THE RECORDS section start

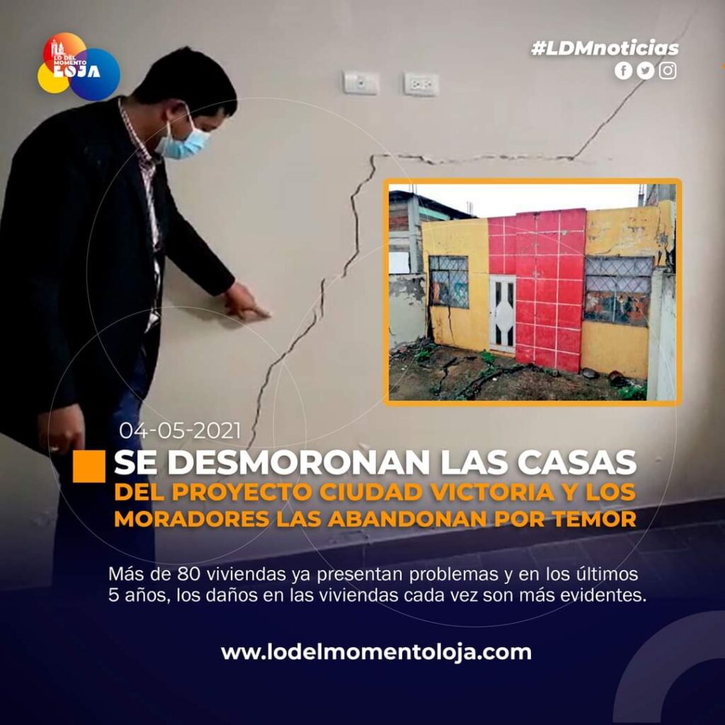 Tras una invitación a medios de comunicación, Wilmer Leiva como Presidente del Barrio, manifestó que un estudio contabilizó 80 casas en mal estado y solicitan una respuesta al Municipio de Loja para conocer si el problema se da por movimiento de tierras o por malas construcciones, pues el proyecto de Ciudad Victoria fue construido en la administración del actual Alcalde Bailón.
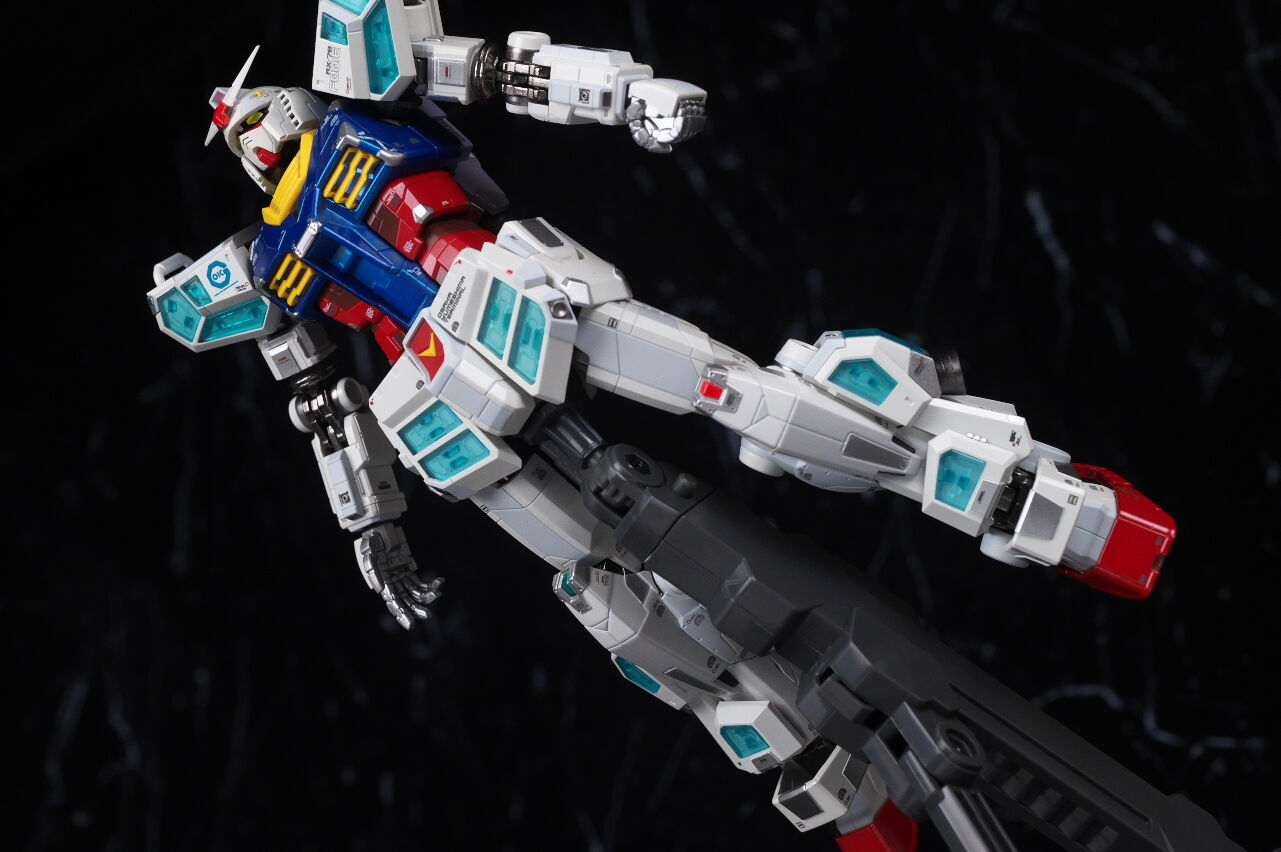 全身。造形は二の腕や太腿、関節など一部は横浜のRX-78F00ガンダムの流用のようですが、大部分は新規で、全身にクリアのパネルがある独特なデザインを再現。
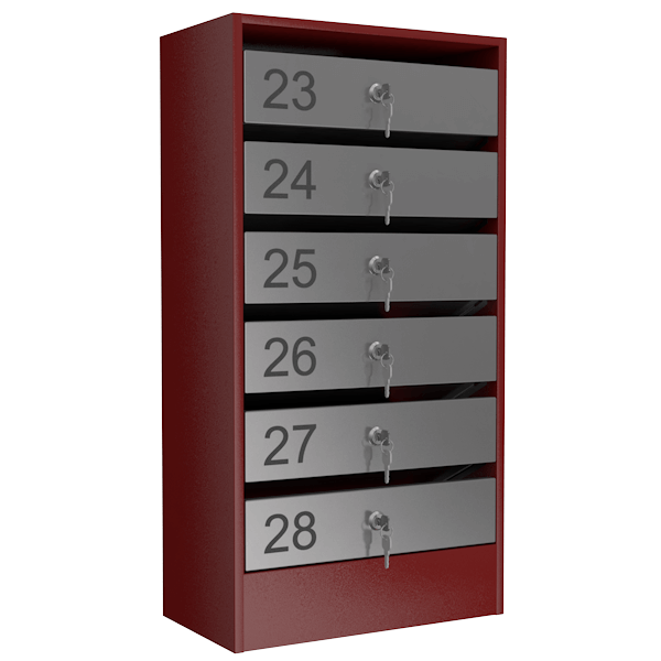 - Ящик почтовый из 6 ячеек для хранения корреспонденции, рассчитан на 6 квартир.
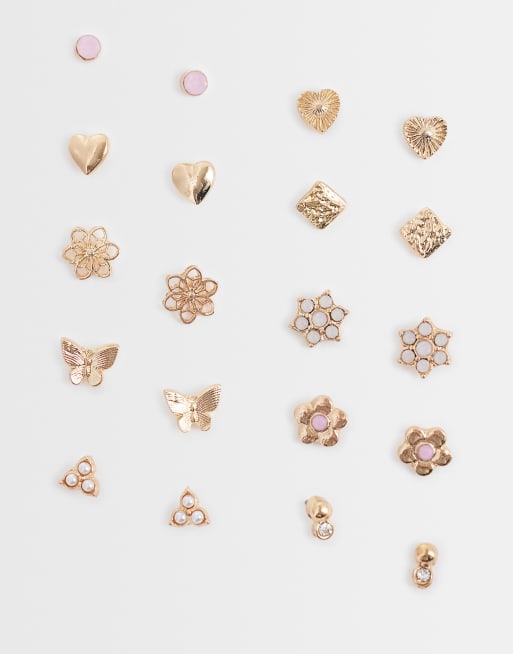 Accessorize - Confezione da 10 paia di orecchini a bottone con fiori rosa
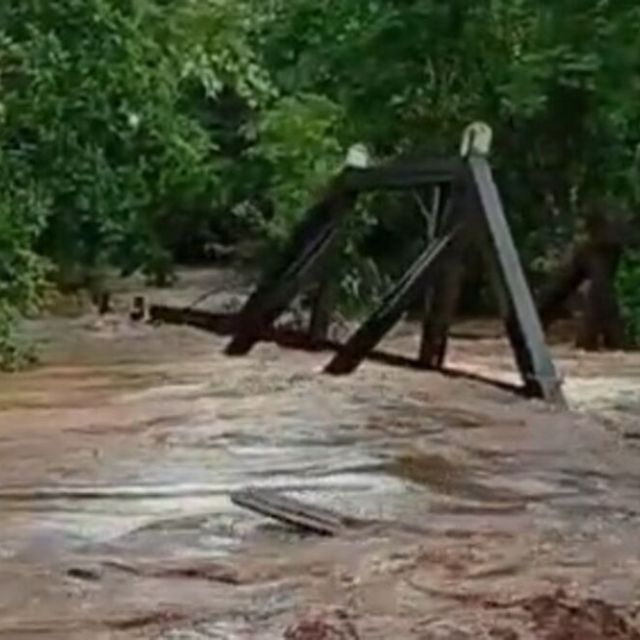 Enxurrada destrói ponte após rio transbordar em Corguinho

THE RECORDS section end

HOW TO COMPLETE THIS TASK:
Please copy exactly, and only, the lines from the one that contains "- Ящик почтовый" through the last line of the data above, omitting all pictures.

SOLUTION TO THIS EXERCISE:
 - Ящик почтовый из 6 ячеек для хранения корреспонденции, рассчитан на 6 квартир.
 Accessorize - Confezione da 10 paia di orecchini a bottone con fiori rosa
 Enxurrada destrói ponte após rio transbordar em Corguinho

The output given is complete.